У нее типичные черты лица тигов: высокий округлый лоб, длинный нос с небольшой горбинкой, острые, как бритва, скулы и полные соблазнительные губы.
Я не могу этого отрицать — она красива.
— Что теперь? — спрашивает Амали после долгого молчания.
— Поехали, — просто говорю я. — Вдоль этого древнего берега реки. Мы пересечем Таламурану и болота Миг, холмы Амарга и ущелье Бенахара, пока не достигнем края Комори. Все эти препятствия можно преодолеть менее чем за день. У дворцовых всадников есть преимущество перед нами, но мы скоро их опередим, потому что их курс длинный, извилистый и неопределенный, а лошади плохо себя чувствуют в болотах, кишащих кровяными мухами. Не волнуйся, Амали аун Венасе. Если говорю, что мы доберемся до твоего народа до того, как командующий получит приказ из дворца, то именно это и произойдет. Я всегда соблюдаю условия сделки.
— Знаешь, для того, кто занимается тем, чем ты зарабатываешь на жизнь, ты на самом деле довольно... э-э...
— Я не дикарь, — фыркаю я. — А профессионал. Я очень серьезно отношусь к своей работе. Чего мидрианцы не понимают, так это того, что даже у Преподобных есть кодекс чести.
— Что значит быть Преподобным, Кайм?
Меня удивляет ее прямота. Не многие люди имеют наглость спросить Преподобного о его или ее средствах к существованию. Большинство людей никогда бы не подошли достаточно близко к ним, чтобы задать вопрос.

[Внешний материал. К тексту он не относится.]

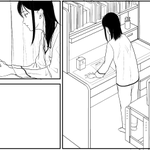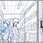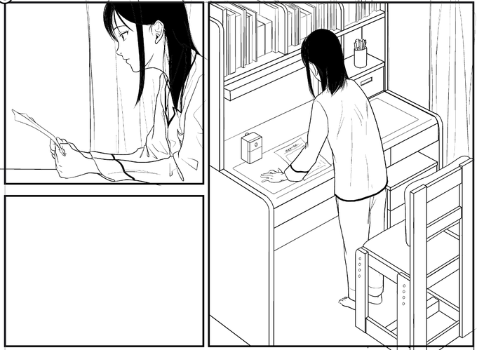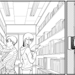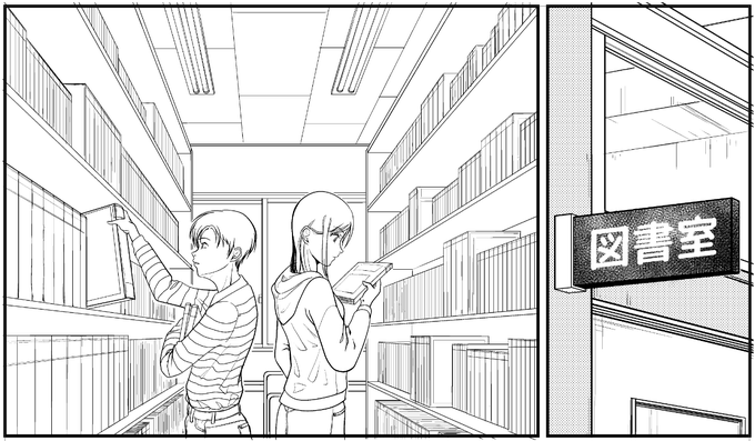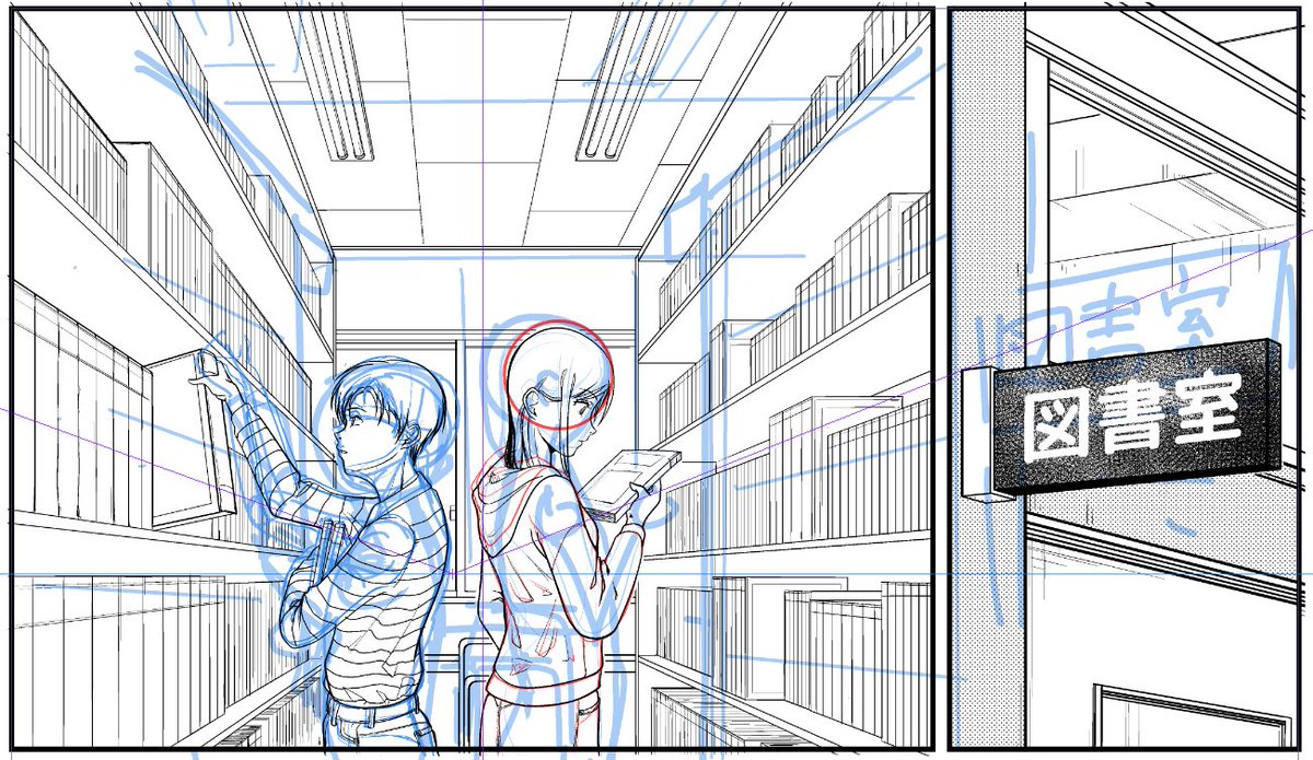 図書室とか・・ めんどくさすぎるやろ~🤣 本の縦線は一部分トーンの縦線を使っています 典型的な1点透視図法です アイレベルは胸の下辺り ラフと比べてパースが全然違いますね #漫画家志望さんと繋がりたい

Преподобные редко показывают свои лица внешнему миру, в том числе и я.
Так что я попал в редкую ситуацию.
Здесь, в темноте и одиночестве, я без маски.
Я начинаю идти, ведя Облако через песчаную отмель на твердый грунт.
— Жизнь в рабстве, — отвечаю я после некоторого размышления. — Абсолютное послушание и дисциплина. Никаких семейных уз. Никаких мирских соблазнов. Абсолютное мастерство своего дела и бесконечное стремление к просветлению. Преподобные создали свой собственный мир. Они не связаны законами обычных граждан. На Иони слово Преподобный означает «отдельно».
— Похоже, вы сделали из себя богов, — мягко говорит она. — Так искусен в роли палача, в укорачивании человеческой жизни в мгновение ока, в перерезании горла за за один вздох. Но вы делаете это не ради власти, а ради монеты. Полагаю, деньги — это своего рода сила. Значит, это весь смысл твоего существования, Кайм с Горы?
— Я покинул Орден давным-давно, — рычу я, и моя снисходительность мгновенно испаряется. — Теперь замолчи и отдохни. Нам предстоит долгий путь.
Тогда в чем смысл твоего существования?
Я задавал себе тот же вопрос много-много раз.
Эта женщина так легко проникает под мою кожу. Никто раньше не мог так поступить со мной. Потому что я ей это позволяю?
Моя ошибка. Я позволил себе слишком сблизиться.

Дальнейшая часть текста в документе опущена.